Every organization, no matter how small, is conducted according to some system, and that system is based upon certain more or less permanent conditions, which, if suddenly changed, make the system inapplicable. The larger the organization and the more complex it is, the more will it be deranged by any change of external conditions and the longer time will it take to adapt itself to them.

The sudden stoppage of our sea trade, including our coasting trade, by even a partial blockade of our ports, would change practically all the conditions under which we live. There is hardly a single organization in the country which would not be affected by it. And, as every organization would know that every other organization would be affected, but to a degree which could not possibly be determined, because there would be no precedent, it cannot be an exaggeration to declare that the blockading of our principal ports would, entirely apart from direct loss of money and other commodities, produce a state of confusion, out of which order could not possibly be evolved except by the raising of the blockade.

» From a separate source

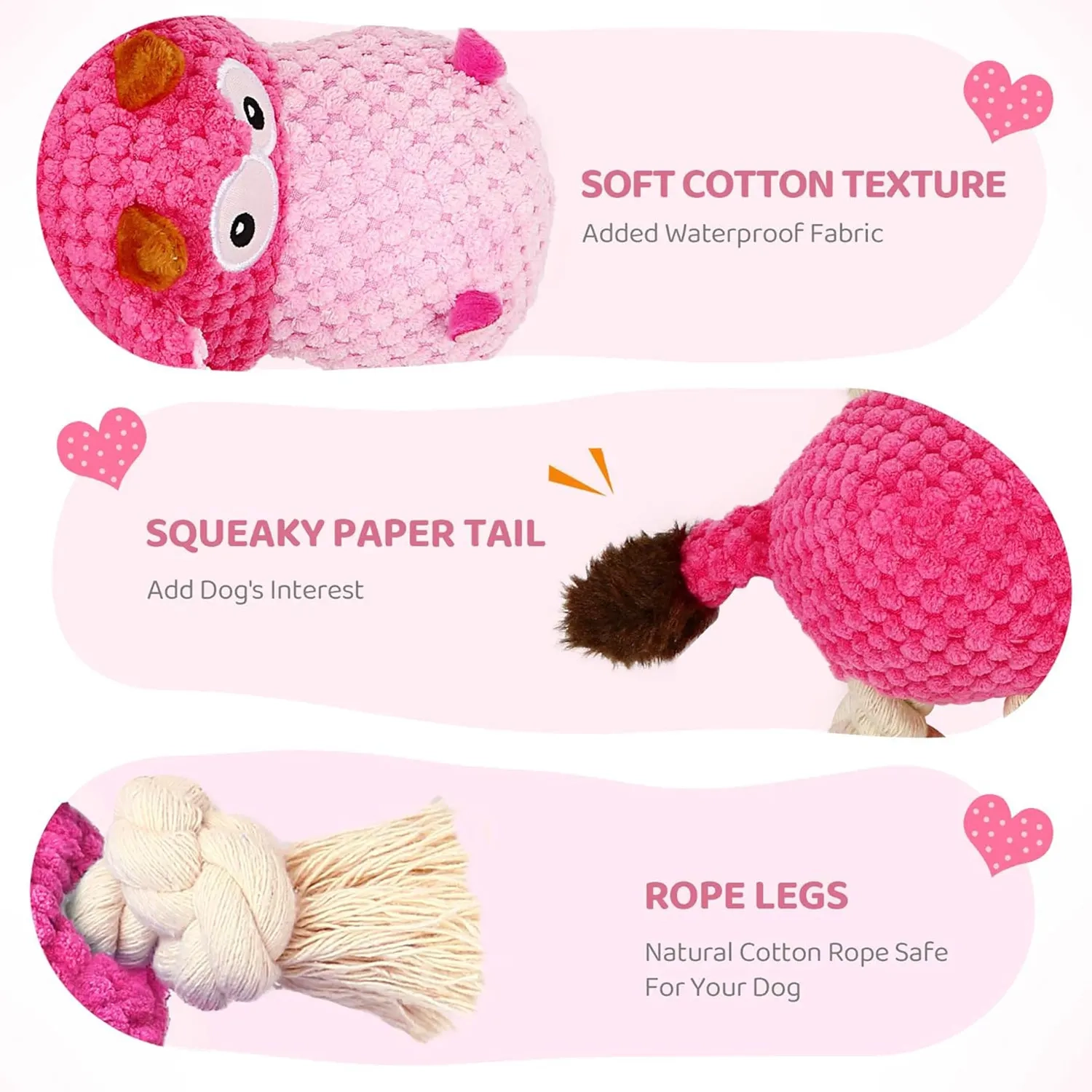 - Cotton rope details for extra chewing and tug play

In addition to the confusion brought about, there would, of course, be the direct loss of money and non-receipt of imported things; but what would probably be the very worst thing of all would be the numbers of men thrown out of employment by the loss of foreign markets. So long as a country can keep its people in employment, so long the people will live in comparative order. But when there are many unemployed men in a country, not only do their families lose the means of subsistence, but the very fact of the men being unemployed leads them into mischief. Should the ports of any great commercial nation be suddenly closed, the greatest danger to the country would not be from the enemy outside, but from the unemployed people inside, unless the government gave them employment, by enlisting them in an enormous, improvised army.